0x000055555557e9f2 in dhcp_handledhcp (ifp=0x5555555d2400, bootp=0x7ffffffedd9c, bootp_len=<optimized out>, from=<optimized out>) at ./src/dhcp.c:3317
3317    ./src/dhcp.c: No such file or directory.
(gdb) bt
#0  0x000055555557e9f2 in dhcp_handledhcp (ifp=0x5555555d2400, bootp=0x7ffffffedd9c, bootp_len=<optimized out>, from=<optimized out>) at ./src/dhcp.c:3317
#1  0x000055555557ea5c in dhcp_handlebootp (ifp=<optimized out>, bootp=<optimized out>, len=<optimized out>, from=<optimized out>) at ./src/dhcp.c:3530
#2  0x000055555557edc1 in dhcp_packet (ifp=0x5555555d2400, data=0x7ffffffedd80 "E\300\001H\177\022", len=328, bpf_flags=<optimized out>) at ./src/dhcp.c:3600
#3  0x0000555555597048 in ps_bpf_dispatch (ctx=ctx@entry=0x7fffffffdf20, psm=psm@entry=0x7ffffffedd40, msg=msg@entry=0x7ffffffedcf0) at ./src/privsep-bpf.c:308
#4  0x0000555555593bc9 in ps_root_dispatchcb (arg=arg@entry=0x7fffffffdf20, psm=psm@entry=0x7ffffffedd40, msg=msg@entry=0x7ffffffedcf0) at ./src/privsep-root.c:854
#5  0x0000555555592f8f in ps_recvpsmsg (ctx=<optimized out>, fd=<optimized out>, events=<optimized out>, callback=callback@entry=0x555555593bb0 <ps_root_dispatchcb>, cbctx=0x7fffffffdf20)
    at ./src/privsep.c:1156
#6  0x0000555555593a7c in ps_root_dispatch (arg=<optimized out>, events=<optimized out>) at ./src/privsep-root.c:867
#7  0x000055555556546b in eloop_run_ppoll (signals=0x7fffffffe168, ts=<optimized out>, eloop=0x5555555c8e00) at ./src/eloop.c:1106
#8  eloop_start (eloop=0x5555555c8e00, signals=signals@entry=0x7fffffffe168) at ./src/eloop.c:1228
#9  0x000055555555e486 in main (argc=<optimized out>, argv=<optimized out>, envp=<optimized out>) at ./src/dhcpcd.c:2602
(gdb) 

This is with a bookworm backport of the 10.0.2-4 Debian package. With master this seems to be fixed.

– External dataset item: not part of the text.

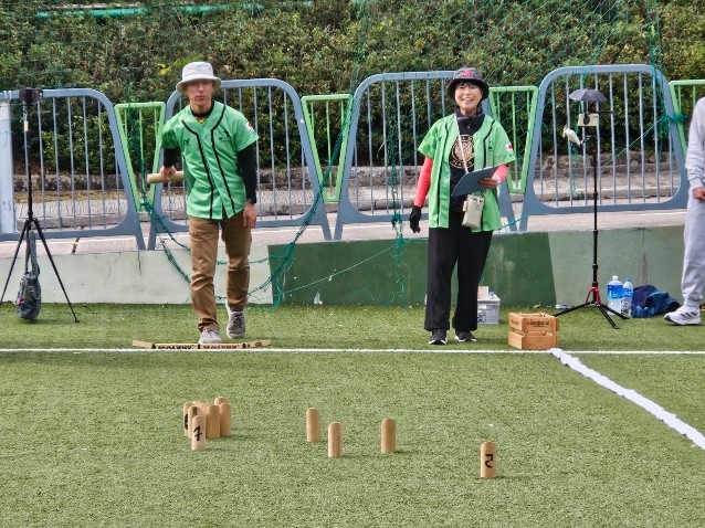 そして、日本モルック協会からは、日本モルック協会会長の八ツ賀秀一さん、その奥様であり、国際モルック連盟理事の八ツ賀千穂さんがペアチームで参加してくれました。

I also did actually manage to workaround the instance issue using sudo unshare -m sh -c 'mount -t tmpfs /run /run; dhcpcd -B wlan1' but it turns out that running dhcpcd via ip vrf exec doesn't work anyway because netlink sockets aren't impacted by this so it's not much use to me after all.

Regardless, do you agree the documented behavior is correct? If so I'd be happy to send a patch.

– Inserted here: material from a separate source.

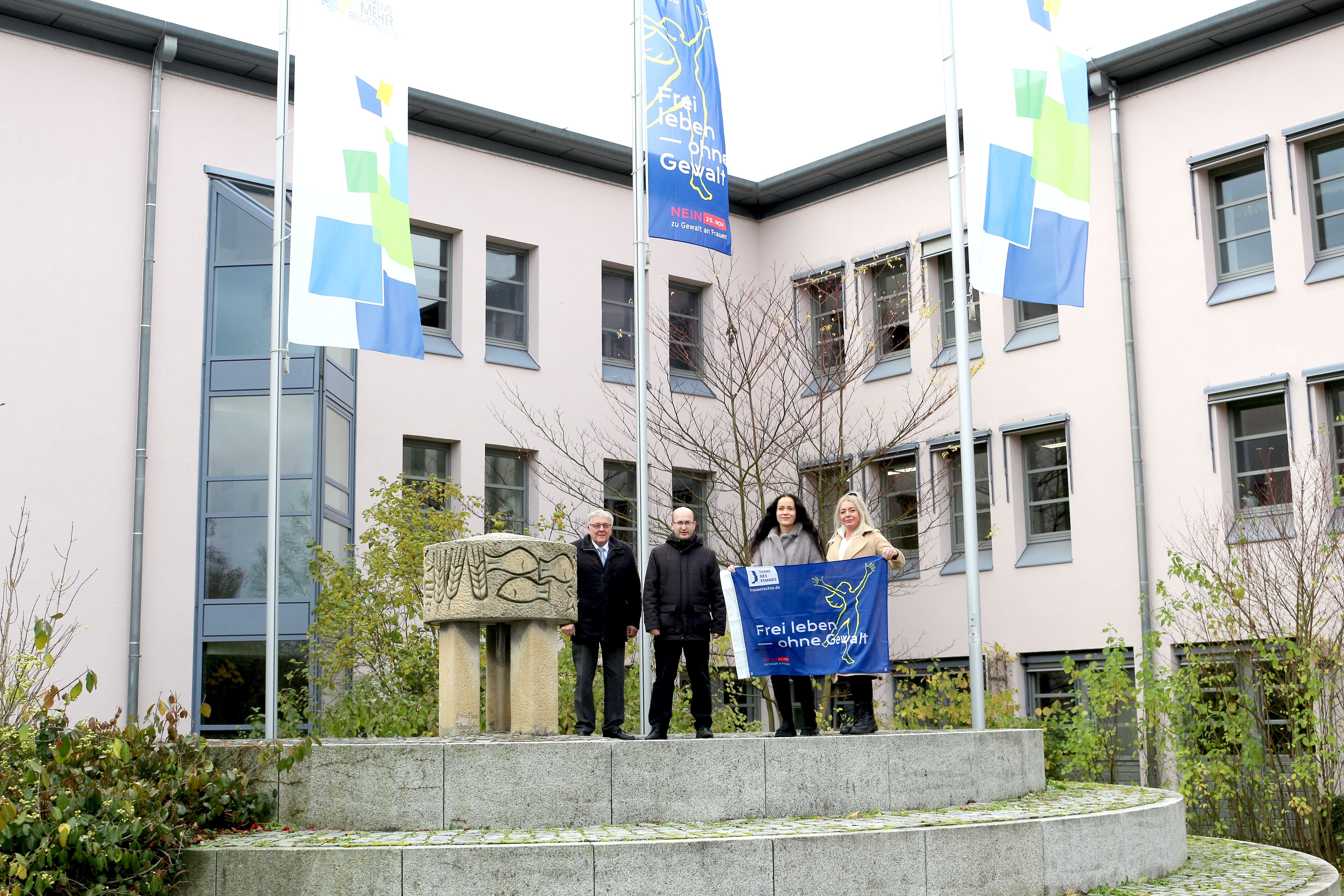Der Verein „Terre des Femmes“ veranstaltet im Rahmen des Internationalen Tags gegen Gewalt an Frauen seit 2001 eine Fahnenaktion unter dem Motto „Frei leben – ohne Gewalt“. Deshalb hissten die Gleichstellungsbeauftragten, bzw. die Mitarbeiterinnen des Frauennotrufs, Iris Regner und Sanja Knezevic, im Rahmen dieser Aktion gemeinsam mit Landrat Helmut Weiß und Abteilungsleiter für Kommunale und Soziale Angelegenheiten Tanju Cetinkaya die Flagge, die noch bis 1. Dezember 2023 am Landratsamt hängen bleiben wird. Im Jahr 2023 findet die Aktion unter dem Slogan „#StellDichNichtSoAn – steh auf gegen sexualisierte Gewalt an Frauen!“ statt. Mehr als 8.500 Fahnen in vielen verschiedenen Sprachen tragen die Botschaft über die ganze Welt.

rsmarples commented 1 year ago

The behavior of the code is correct (obviously not the segfaulting part!). For example you can start dhcpcd as a master process and deny all interfaces in the config. You can then tell the master process to start working on a specific interface like dhcpcd -n eth0. In this instance, dhcpcd will not start a new instance.

I will always accept patches to improve the documentation.

ipaton1 commented 1 year ago

indirectly related comment - it would be really useful to be able to configure the control socket location either via commandline options and/or from the config file instead of needing a recompile and a different binary. While @DanielG is talking about linux vrf, I've also run into the same/similar issue with linux network namespaces. The control socket sits outwith the network namespace, so trying to start multiple instances of dhcpcd in different network namespaces requires a load of additional hoops to be jumped through. ip netns exec <namespace> [...] will automatically bind mount files under /etc/netns/<namespace>/ back into /etc within the namespace so it's fairly simple to override the config file in a particular namespace with one specific to the namespace that could redefine the control socket location. Alternatively as if-linux.c already works out if you're running in a namespace it might be possible to simply prefix/suffix the control socket name with the namespace - that may be slightly less flexible but would have the same result for the case I'm thinking about. A non-compile time way to specify the control socket location is probably the most flexible though.

rsmarples commented 1 year ago

@ipaton1 for the namespace perspective, would we want a separate run directory entirely? We can do that - /var/run/dhcpcd-netns-$namesapce/ - that gives you different pidfile, control socket, etc. Can you open a new issue for that please rather than tail gating this one?